OpenAI's launch of Presence looks like another enterprise AI product announcement, but viewed alongside two other similar launches this year, it begins to look like part of something bigger. Over the past few months, OpenAI, Anthropic and Google have all launched products aimed at helping enterprises deploy AI in production, working beyond the boundaries of their respective models. Customer-facing operations appear to be one of the primary functions in which this shift will be felt and it is already impacting markets.
OpenAI's Presence is Part of a Broader Pattern
Presence, launched last week, is a managed platform for deploying voice and chat AI agents across customer support, sales, IT and HR workflows, including policy controls, simulation tools and human escalation. OpenAI says it already uses Presence on its own English-language phone support channel, where the system now resolves 75 percent of inbound issues without human assistance, and describes Presence as helping enterprises “deploy trusted AI agents” that can access company systems and take approved actions.
A customer service agent that can retrieve account information, process a refund and escalate a complaint safely needs far more than a capable language model. It also needs governance, integrations and business context, which is precisely what these systems are being built to supply.
OpenAI is not alone. Anthropic's Managed Agents tackles many of the same operational challenges, while Google's Gemini Enterprise Agent Platform, introduced as the next evolution of its Vertex AI platform, is positioned as a system for building, governing and scaling enterprise AI agents.
Perhaps the clearest sign of this transition is that Google’s platform gives customers first-class access to more than 200 models through its Model Garden, including rivals' models such as Anthropic's Claude family. If success depended only on winning the model race, Google would have little reason to make a competitor's model a first-class citizen on its own system. Instead, the enterprise layer itself appears to be becoming the prized asset.
The products take different approaches, but the aim is the same: helping organisations operationalise AI, not just access more capable models. Increasingly, the competition isn't just about building smarter AI. It's about making AI work reliably inside the enterprise.
Why Customer Operations are Becoming the Battleground
Think about what happens when a customer contacts a company to change a delivery, dispute a bill or report a faulty product. Making those interactions work reliably with AI depends on far more than choosing the best language model.
Customer service operations are one of the few enterprise functions where AI agents can already prove their value at scale. They generate huge volumes of customer interactions, rely on extensive business knowledge and already have well-established performance metrics: resolution rates, handling time, cost per contact. That makes it an obvious proving ground for agent systems looking to demonstrate return on investment.
Historically, these capabilities have been delivered by established CX and enterprise software vendors, including Salesforce, Microsoft, NICE, Genesys, Zendesk and HubSpot. Presence, Managed Agents and Gemini Enterprise blur the line between what a frontier AI lab and a specialist CX platform offer. OpenAI's own support channel, and named early Presence customers including BBVA Mexico and SoftBank, stand in territory that contact centre and CRM vendors have long regarded as theirs. Much of the value in this sector depends on AI understanding customer context across the entire journey; the same capability these systems are increasingly built around.
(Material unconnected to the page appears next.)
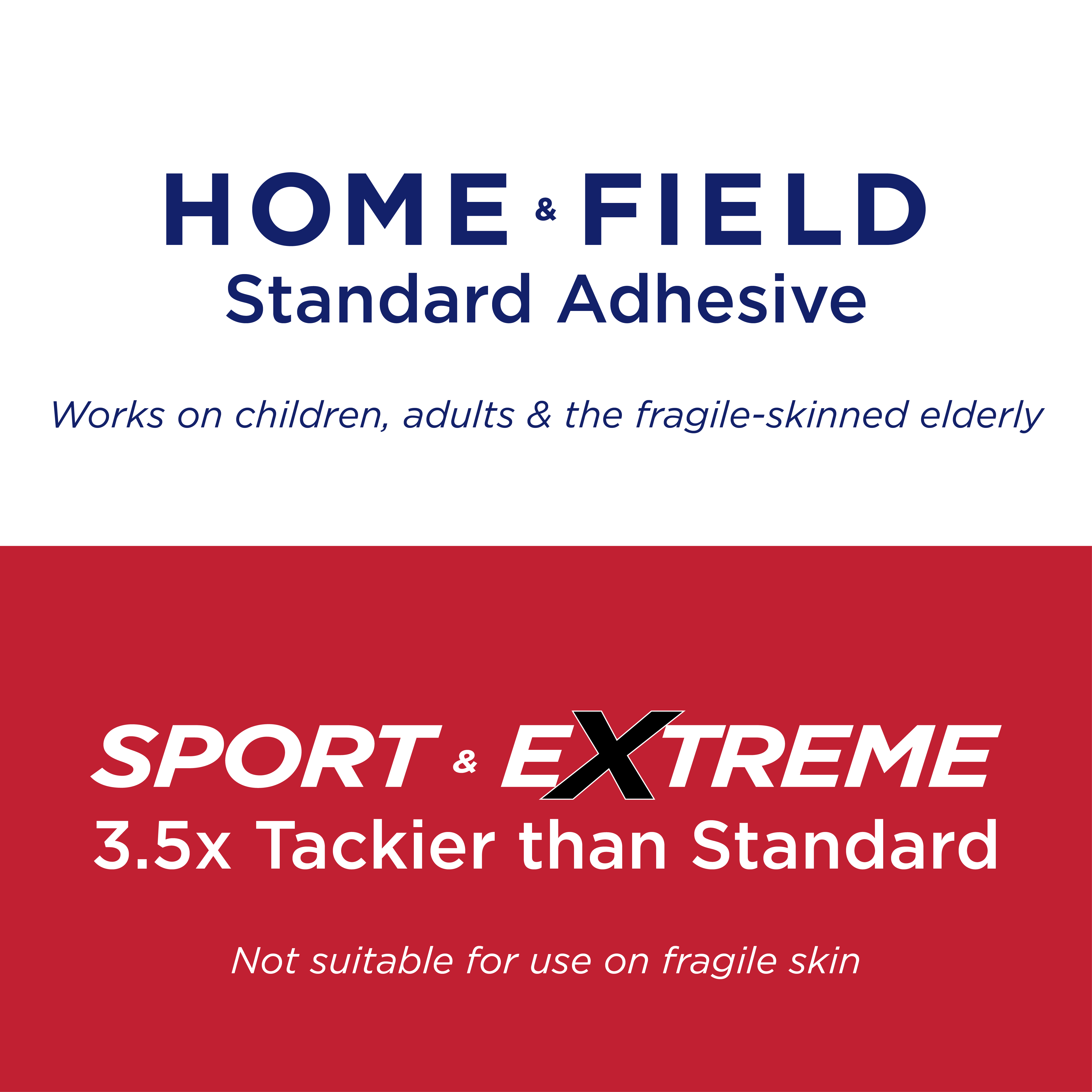 3.5x Tackier Adhesive Engineered with an aggressive adhesive 3.5x tackier than our standard tape, it is designed to lock on and stay securely in place for up to 7-10 days through sweat, dirt, and joint movement. (Note: Not for use on fragile skin).

Why the Value is Moving Beyond the Model
This is the strategic core of what's happening. Presence's simulation and grading tools, Managed Agents' outcome-based evaluation, and Gemini Enterprise's governance and identity controls all address the same challenge of helping organisations trust AI in production. In many organisations, deploying AI safely has become a bigger challenge than choosing a model. Success increasingly depends on enterprise context, workflow integration and governance rather than raw model capability.
Enterprise context has become increasingly important because AI systems are only as useful as the business information they can access. SAP’s CEO Christian Klein made a similar point on the company's latest earnings call, arguing that enterprise AI must be grounded in trusted business data. It's also why OpenAI, Anthropic and Google are each investing heavily in enterprise platforms rather than simply releasing more capable models. As foundation models continue to improve, competitive advantage is shifting towards the infrastructure built around them.
The Market is Already Watching
Investors have noticed too. Business Inside reported that following the Presence announcement, several enterprise software stocks, such as HubSpot and Atlassian, fell sharply as analysts reassessed what OpenAI's enterprise ambitions could mean for established software vendors. That reaction isn’t necessarily proof these vendors are about to be displaced, but it shows markets are already treating frontier AI companies as potential competitors outside of the model layer, not just as suppliers to it.
Whether these companies end up as partners or competitors to established CX vendors still remains to be seen. The competitive landscape no longer has a clear dividing line between model providers and enterprise software platforms. The playing field is now wide open.